**Assignment:** Retype word for word the first line of the listing and each line after it up to the line with "カウンター近くの柱には、鯉と", with the pictures taken out.

───── Input data

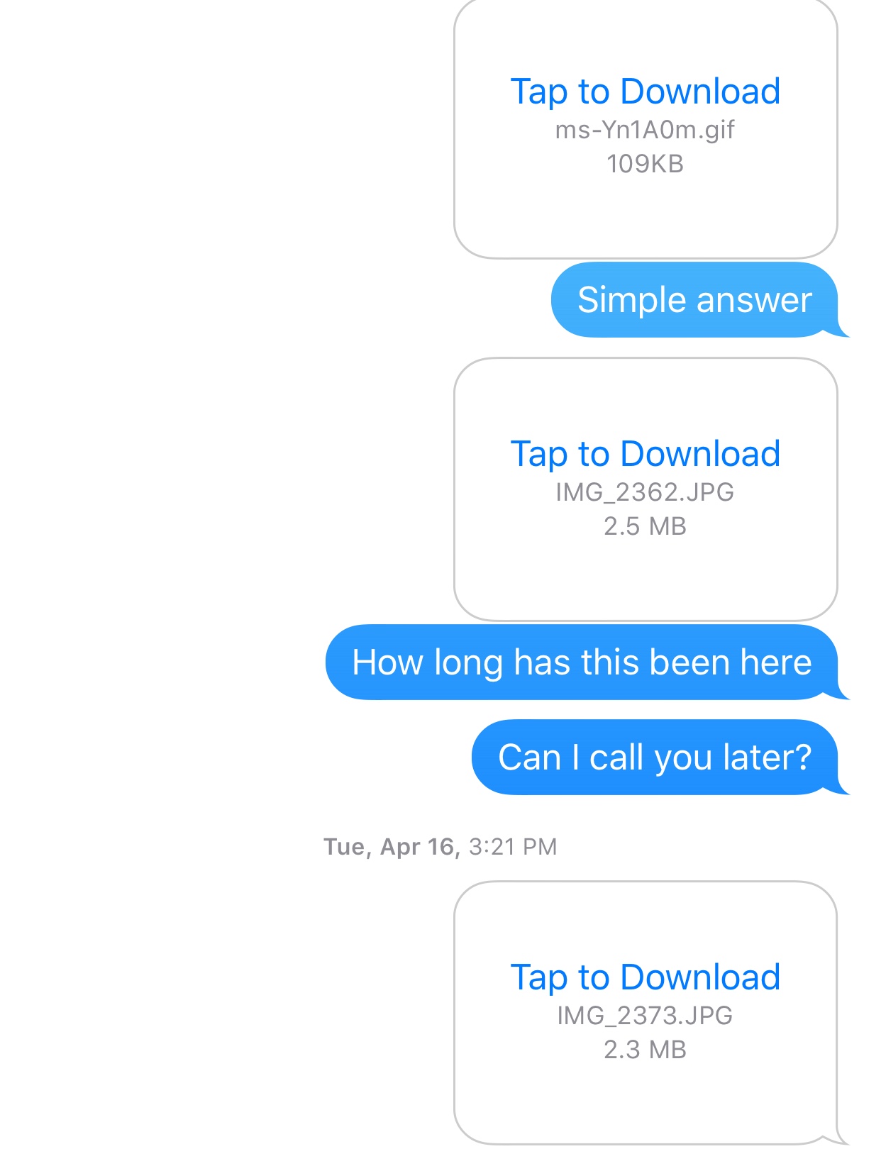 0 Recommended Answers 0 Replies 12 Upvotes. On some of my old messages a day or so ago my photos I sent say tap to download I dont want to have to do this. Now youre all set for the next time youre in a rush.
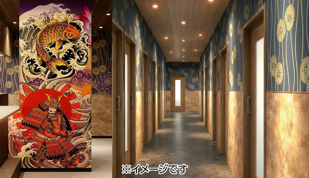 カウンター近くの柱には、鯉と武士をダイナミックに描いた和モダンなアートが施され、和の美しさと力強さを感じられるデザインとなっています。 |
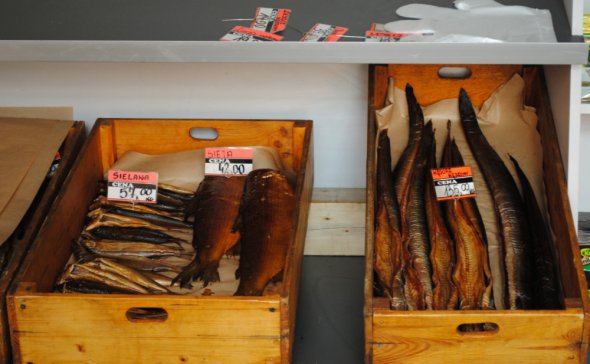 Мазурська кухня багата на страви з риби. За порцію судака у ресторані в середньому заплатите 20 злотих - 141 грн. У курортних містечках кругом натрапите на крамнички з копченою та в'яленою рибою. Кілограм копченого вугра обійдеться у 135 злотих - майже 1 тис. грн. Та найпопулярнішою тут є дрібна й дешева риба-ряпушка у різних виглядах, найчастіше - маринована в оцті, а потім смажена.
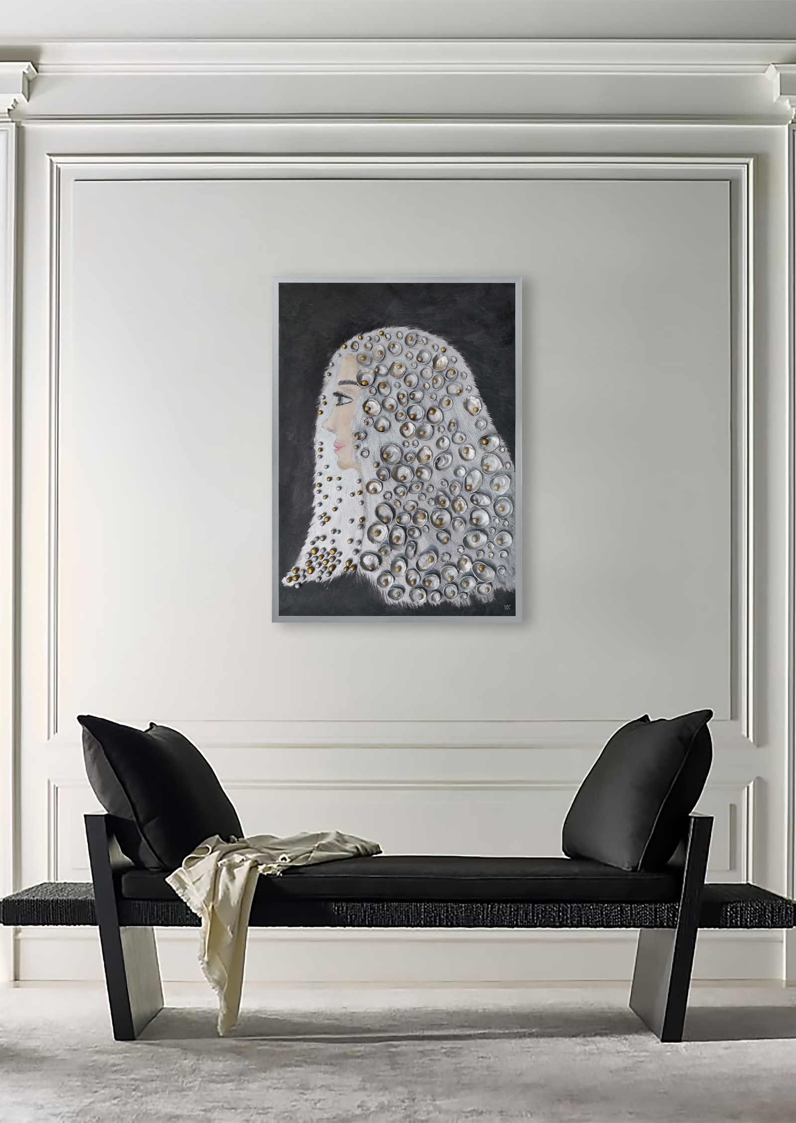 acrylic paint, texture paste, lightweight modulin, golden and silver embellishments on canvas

──────────

**Expected answer:**
 0 Recommended Answers 0 Replies 12 Upvotes. On some of my old messages a day or so ago my photos I sent say tap to download I dont want to have to do this. Now youre all set for the next time youre in a rush.
 カウンター近くの柱には、鯉と武士をダイナミックに描いた和モダンなアートが施され、和の美しさと力強さを感じられるデザインとなっています。 |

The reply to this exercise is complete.